Adaptive and Efficient Streaming Time Series Forecasting with Lambda Architecture and Spark

Date

2021-03-19

Department

Program

Citation of Original Publication

A. Pandya, O. Odunsi, C. Liu, A. Cuzzocrea and J. Wang, "Adaptive and Efficient Streaming Time Series Forecasting with Lambda Architecture and Spark," 2020 IEEE International Conference on Big Data (Big Data), 2020, pp. 5182-5190, doi: 10.1109/BigData50022.2020.9377947.

Rights

© 2020 IEEE.  Personal use of this material is permitted.  Permission from IEEE must be obtained for all other uses, in any current or future media, including reprinting/republishing this material for advertising or promotional purposes, creating new collective works, for resale or redistribution to servers or lists, or reuse of any copyrighted component of this work in other works.

Abstract

The rise of the Internet of Things (IoT) devices and the streaming platform has tremendously increased the data in motion or streaming data.
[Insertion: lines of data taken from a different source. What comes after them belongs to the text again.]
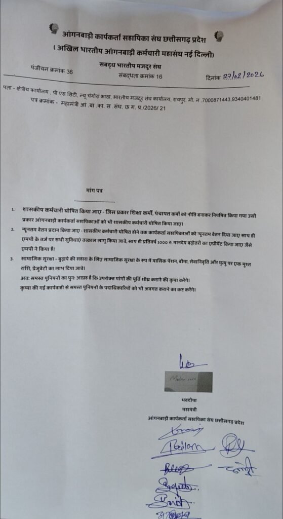अतः उड़ीसा के पूरी में 6 से 8 फरवरी 2026 को आयोजित आरतीय मजदूर संघ के अखिल भारतीय अधिवेशन के माध्यम से हम केंद्र तथा राज्य सरकारों से संयुक्त रूप से यह मांग करते हैं की उपर्युक्त लिखित विषय बिंदुओं के प्रकाश में सरकार तथा आंगनबाड़ी कर्मियों के मध्य कर्मचारी तथा नियोक्ता का संबंध स्थापित स्पष्ट स्थापित होता है तथा यह वैधानिक पद पर कार्य कर रही है, वेतन भुगतान अधिनियम 1936 तथा ग्रेजुएटी. एक्ट 1972 इन पर लागू होता है. तथा सामाजिक सुरक्षा प्रदान करने की भी सिफारिश की गई है, इसलिए आंगनबाड़ी कर्मियों को कर्मचारी घोषित करते हुए वेतन एवं सामाजिक सुरक्षा का लाभ इन्हें अविलंब प्रदान किया जाए।
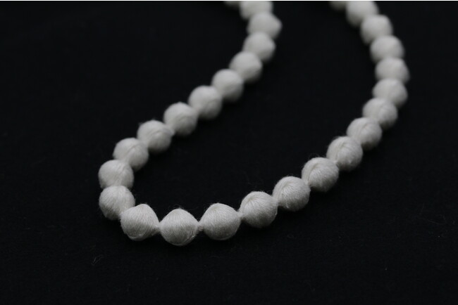 パールネックレスのようなシンプルなデザインをシルク糸で表現しました。シルクならではの上品な光沢と、わずか8gの軽さが特徴で、ハレの日やフォーマルシーンでも活躍する、トリプル・オゥの新定番アイテムです。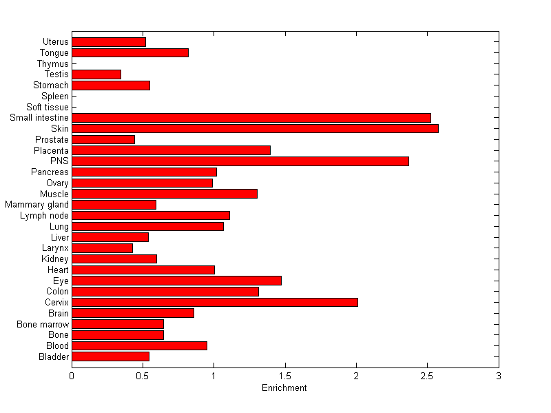 The expression level is normalized with tissue-library size. Each value for a gene in a tissue is a ratio of observed ESTs to the expected one in this tissue. The expected number of ESTs is the product of total ESTs of the gene and the fraction of total ESTs in the tissue among all ESTs in 30 tissues.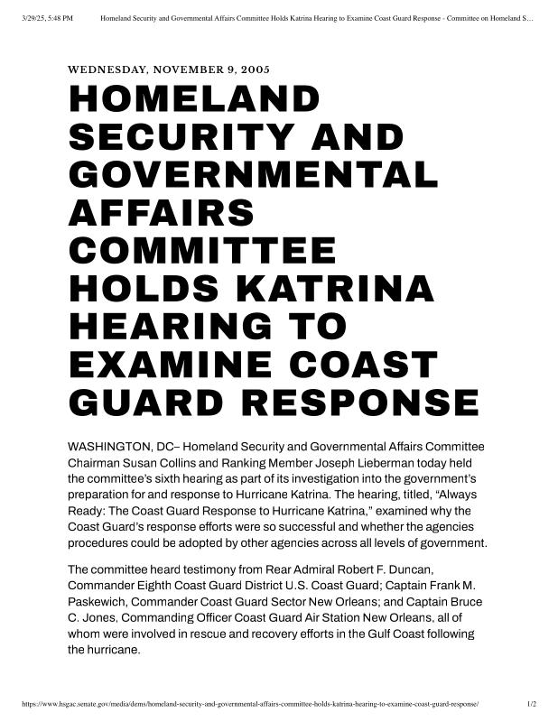 dropbox/COLLECTION- Research/Katrina Batch 2/katrina homeland security response/Homeland Security and Governmental Affairs Committee Holds Katrina.pdf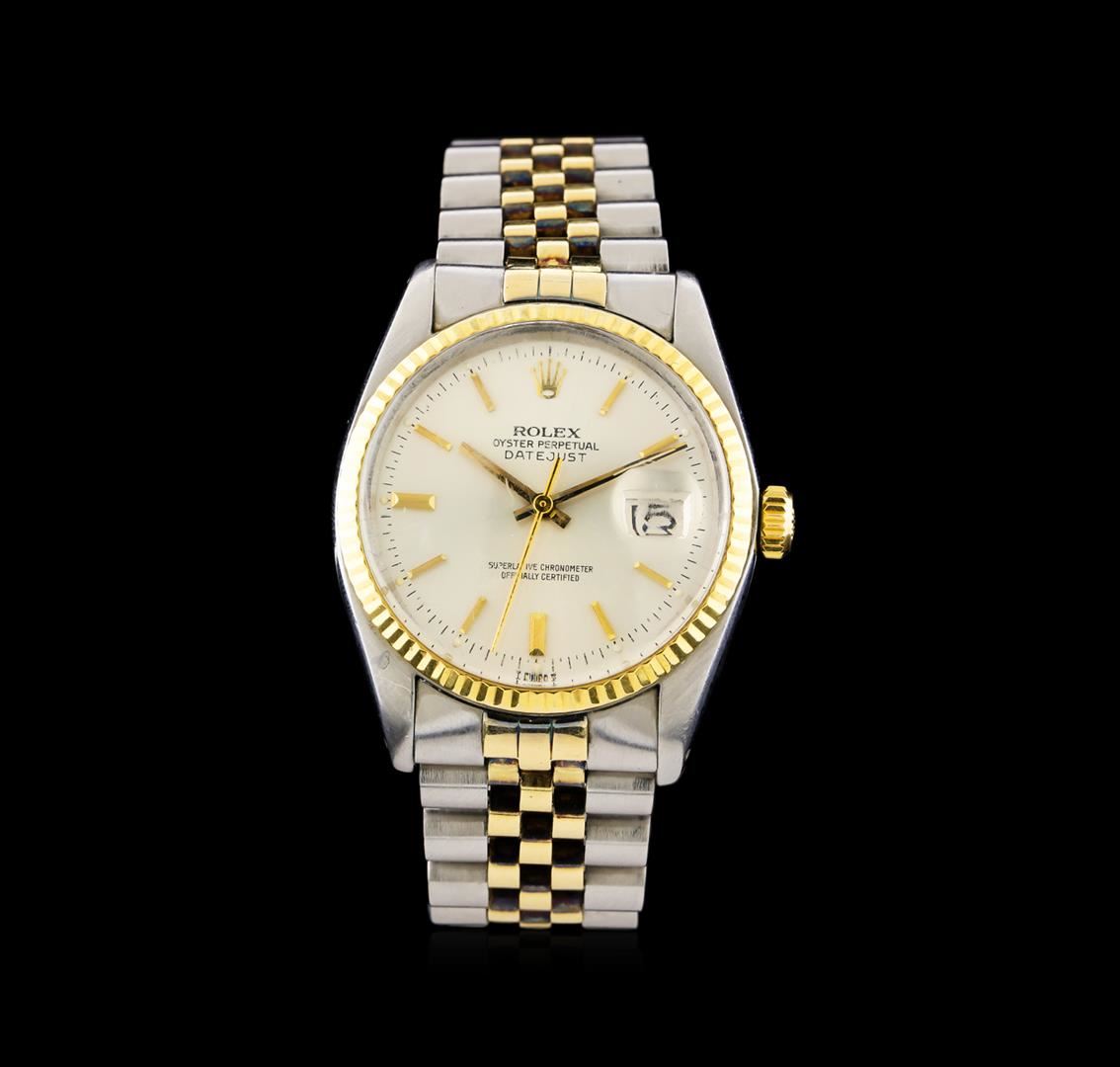One Rolex Oyster Perpetual DateJust watch featuring: Movement: Automatic. Case: Stainless steel and yellow gold. Bezel: Yellow gold fluted. Crystal: Sapphire. Dial: Silver color; yellow gold index hour markers. Features: Date window located at the 3 o'clock position. Bracelet: Stainless steel and yellow gold with deployment clasp. Condition: Significant surface scratches on case and crystal; good working order.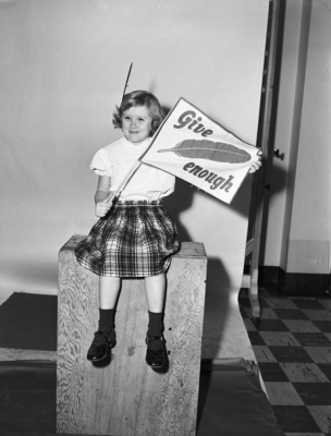 Mary Rose Etta McClure, 7-year-old resident of All Church Home, a Red Feather agency, was to lead the chest agencies' display as Red Feather Girl in the Community Chest parade. The parade precedes the kickoff of the chest's campaign proper to raise $666,408.96, much of which goes to children. Mary is sitting on a wooden block, and holding a flag that reads, "Give enough." Published in the Fort Worth Star-Telegram evening edition, October 2, 1951.

It incorporates a wide variety of data, for example, social media posts, online gamers in-game activities, mobile or web application logs, online e-commerce transactions, financial trading, or geospatial services. Accurate and efficient forecasting based on real-time data is a critical part of the operation in areas like energy & utility consumption, healthcare, industrial production, supply chain, weather forecasting, financial trading, agriculture, etc. Statistical time series forecasting methods like Autoregression (AR), Autoregressive integrated moving average (ARIMA), and Vector Autoregression (VAR), face the challenge of concept drift in the streaming data, i.e., the properties of the stream may change over time. Another challenge is the efficiency of the system to update the Machine Learning (ML) models which are based on these algorithms to tackle the concept drift. In this paper, we propose a novel framework to tackle both of these challenges. The challenge of adaptability is addressed by applying the Lambda architecture to forecast future state based on three approaches simultaneously: batch (historic) data-based prediction, streaming (real-time) data-based prediction, and hybrid prediction by combining the first two. To address the challenge of efficiency, we implement a distributed VAR algorithm on top of the Apache Spark big data platform. To evaluate our framework, we conducted experiments on streaming time series forecasting with four types of data sets of experiments: data without drift (no drift), data with gradual drift, data with abrupt drift and data with mixed drift. The experiments show the differences of our three forecasting approaches in terms of accuracy and adaptability.